After looking at how Rousseau’s ideas were popularized by the Romantics, Trueman looks at three of the most influential men who have ever lived: Friedrich Nietzsche, Karl Marx, and Charles Darwin. These thinkers utterly changed the way that people think of themselves, history, the future, society, and more. They crushed any possibility for purpose or meaning in life other than that which we create. Trueman’s summary of their thought is good, albeit brief. Since they are so influential, I would have loved for him to have spent more time on each of these men. Though I understand why he didn’t. The book is already 400 pages long. It could have easily ballooned to 600+ if he would have done so.

In chapter six, Trueman sets his sights on the founder of psychoanalysis, Sigmund Freud. To sum it up, he argues that Freud convinced our society that “the purpose of life, and the content of the good life, is personal sexual fulfillment” (p 205). While sex has always been a powerful motivating force, Freud went a step farther, centering all of human existence on it, from childhood to the grave. The void of purpose left by Nietzsche, Marx, and Darwin was filled by Freud with sexuality.

But that’s not the end of the story. Over the past one hundred years, thinkers on the Left have fused Marx’s thought with Freud’s, creating a cornucopia of disciplines and ideologies. While there is a great deal of variety among them, most share a common modus operandi of leveraging sexuality to achieve political ends. Trueman takes the reader on a quick tour of the various thinkers who have developed these ideas, from Wilhelm Reich and Herbert Marcuse to Simone de Beauvoir. He points out how many of their ideas, radical at the time they were written, have become mainstream today. As you read through Trueman’s chapter on The New Left and the Politicization of Sex, you’ll realize that many of the cultural shifts we’re seeing now were foretold 50 to 100 years ago.

In the book’s final section, Trueman examines the implications of these things for today.
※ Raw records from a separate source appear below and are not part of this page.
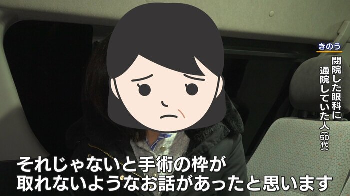 「アフターフォローをきちんとしてもらえそうだった」と女性は話しますが、突如、術後の目の状態を診てくれる医師がいなくなってしまったのです。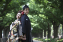 白を基調にした迎賓館門前での撮影。色鮮やかな色打掛がはえてこちらも綺麗ですね^^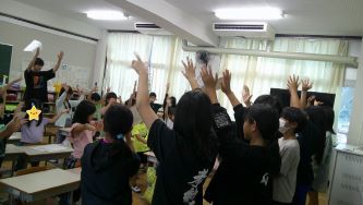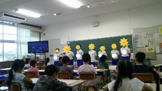 今日から、朝の時間に運動会に向けて応援練習が始まりました。色ごとに6・5年生が下の学年の教室に行き、掛け声や動きを教えていきます。

In particular, he looks at how our culture’s embrace of all these ideas has made us obsessed with self-expression, psychological identity, sexuality, and politics. While we may be more technologically advanced than our forebears, we’re not as far ahead of them by other measures as we might like to think. We’re drowning in purposelessness, depression, anxiety disorders, and other mental health problems. We’re more polarized and tribal than we’ve been in decades. We’ve exchanged love for sex; beauty for vulgarity; and truth for taste.

These things cannot continue forever.

Contrary to its subtitle, this book isn’t just about the sexual revolution. It’s about a revolution in self-understanding and identity. And we’re only seeing the first wave of its effects right now. More are coming. And they will continue to hit us, year after year, until we rediscover what Rousseau, Nietzsche, Marx, and the rest lost: a transcendence that looks heavenward.
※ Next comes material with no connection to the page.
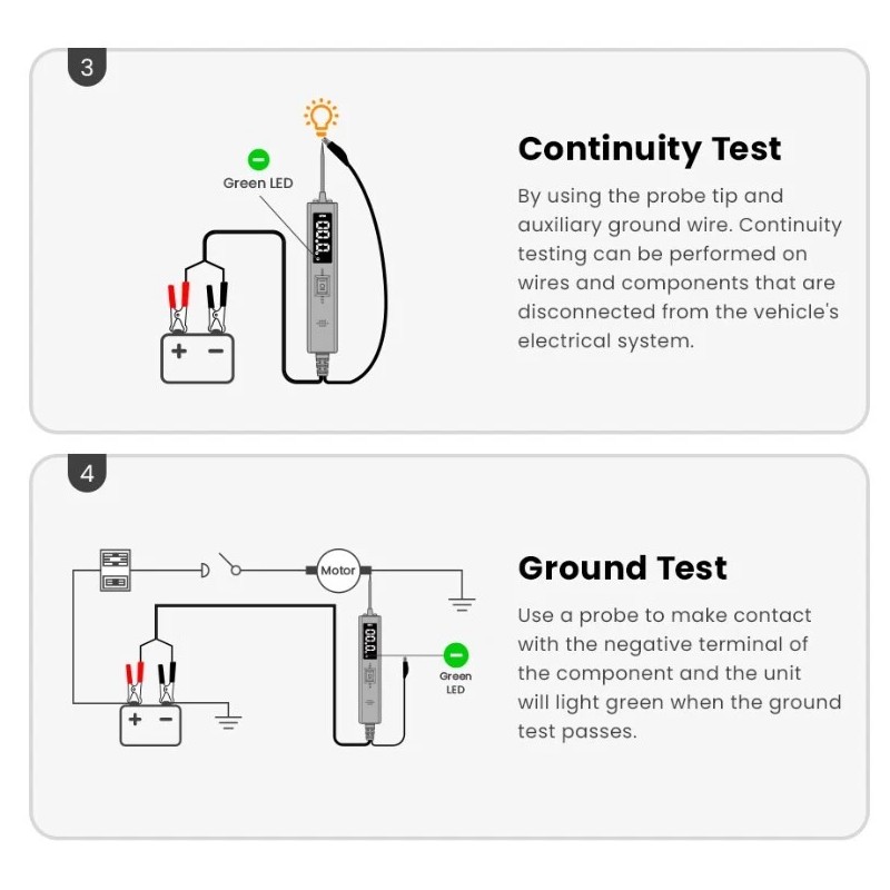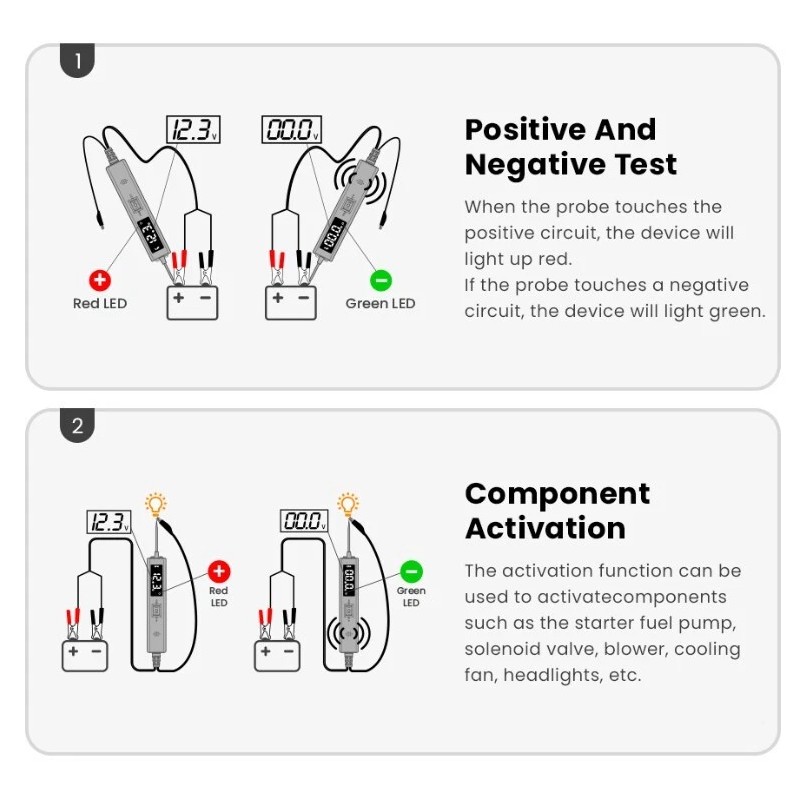 Help you quickly test the working status of switches, relays, diodes, fuses and circuits.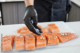 chef sprinkling black pepper and salt on a fresh salmon steak in the kitchen

For too long, Christians have seen the seismic cultural shifts breaking out around us and either despaired or lashed out. But, as Trueman writes, “The task of the Christian is not to whine about the moment in which he or she lives but to understand its problems and respond appropriately to them” (p 30). This book doesn’t offer solutions to our culture’s malaise, but it does give us a pretty good diagnosis of the root problems. And it gives us a handful of important warnings concerning potential potholes ahead. After reading it, you’ll be far better equipped to respond to a world that’s rapidly changing and evolving. You’ll better understand the underlying philosophies of the people you encounter on the street (whether they’ve ever thought through those philosophies or not). And you’ll have a better grasp on where things may be headed in the future, so you can pray accordingly.

May this book be a call for Christians not just to complain, but to lovingly and wisely carry the truth to a lost and dying world.